■ BRIEF ■
With pictures excluded, copy word for word the lines in the data below from the line containing "ポストカード メッセージカード 水彩画風" through the line containing "Mit Zartbitterschokolade überzogen".
Start of EXCERPTED DATA
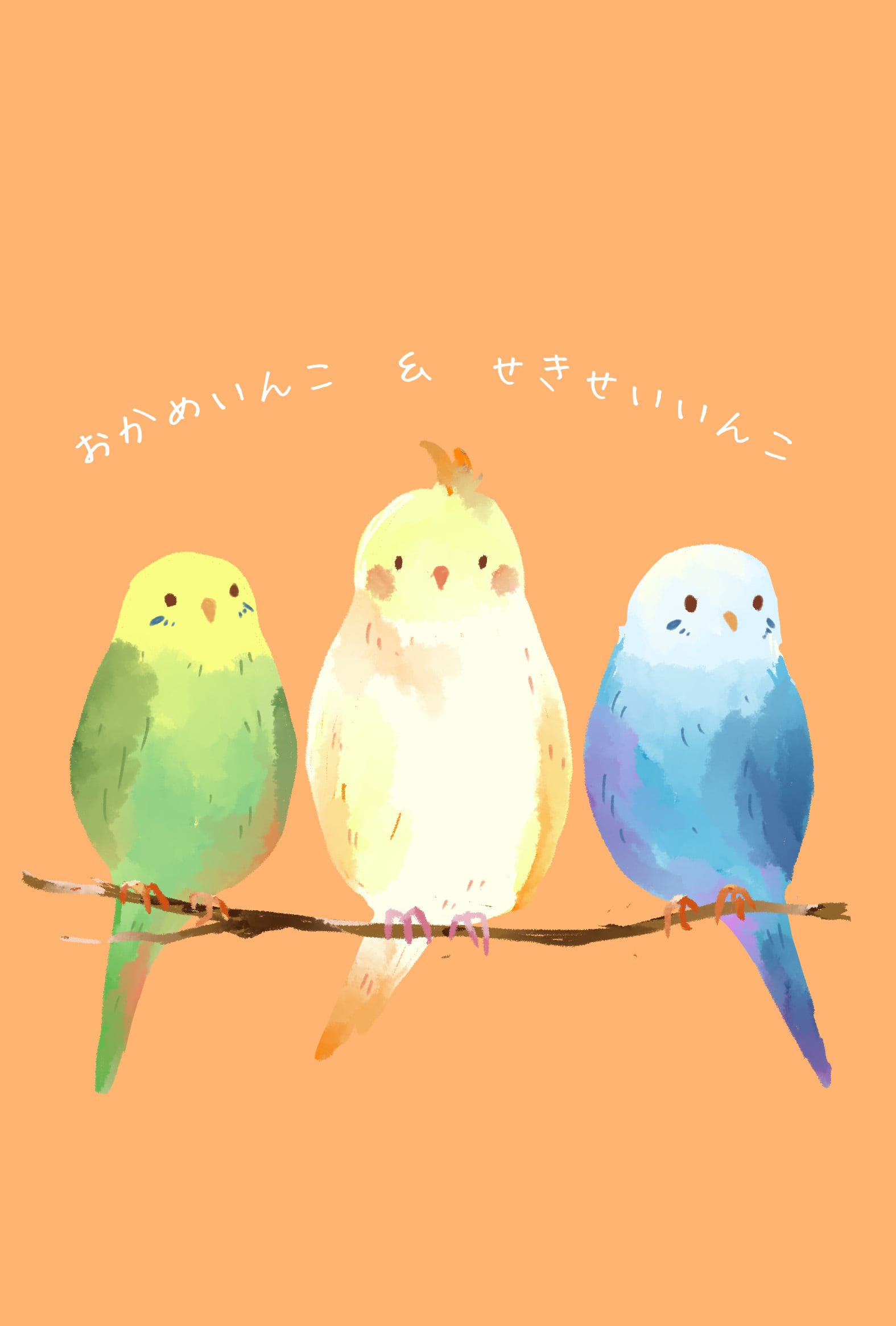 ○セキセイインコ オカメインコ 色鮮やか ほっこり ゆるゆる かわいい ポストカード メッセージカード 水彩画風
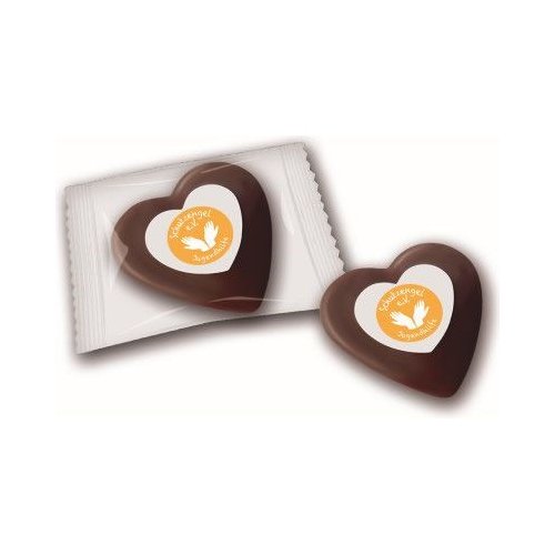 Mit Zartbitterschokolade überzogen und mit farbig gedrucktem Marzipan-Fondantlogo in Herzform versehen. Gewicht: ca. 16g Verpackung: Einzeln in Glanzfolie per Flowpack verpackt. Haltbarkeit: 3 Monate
End of EXCERPTED DATA
Start of EXCERPTED DATA
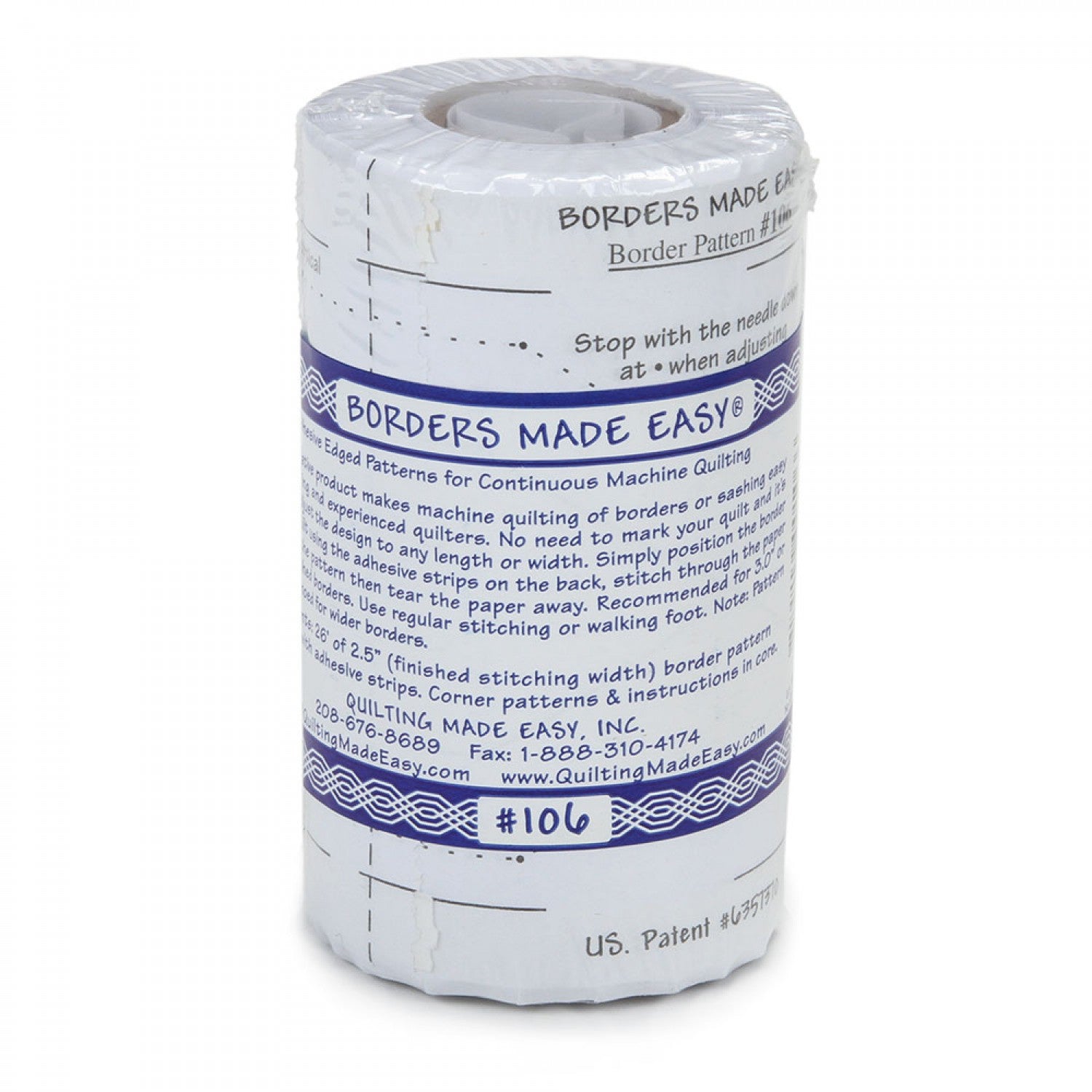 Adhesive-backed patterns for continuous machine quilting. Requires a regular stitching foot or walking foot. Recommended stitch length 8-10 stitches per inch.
End of EXCERPTED DATA
■ TASK OUTPUT ■
 ○セキセイインコ オカメインコ 色鮮やか ほっこり ゆるゆる かわいい ポストカード メッセージカード 水彩画風
 Mit Zartbitterschokolade überzogen und mit farbig gedrucktem Marzipan-Fondantlogo in Herzform versehen. Gewicht: ca. 16g Verpackung: Einzeln in Glanzfolie per Flowpack verpackt. Haltbarkeit: 3 Monate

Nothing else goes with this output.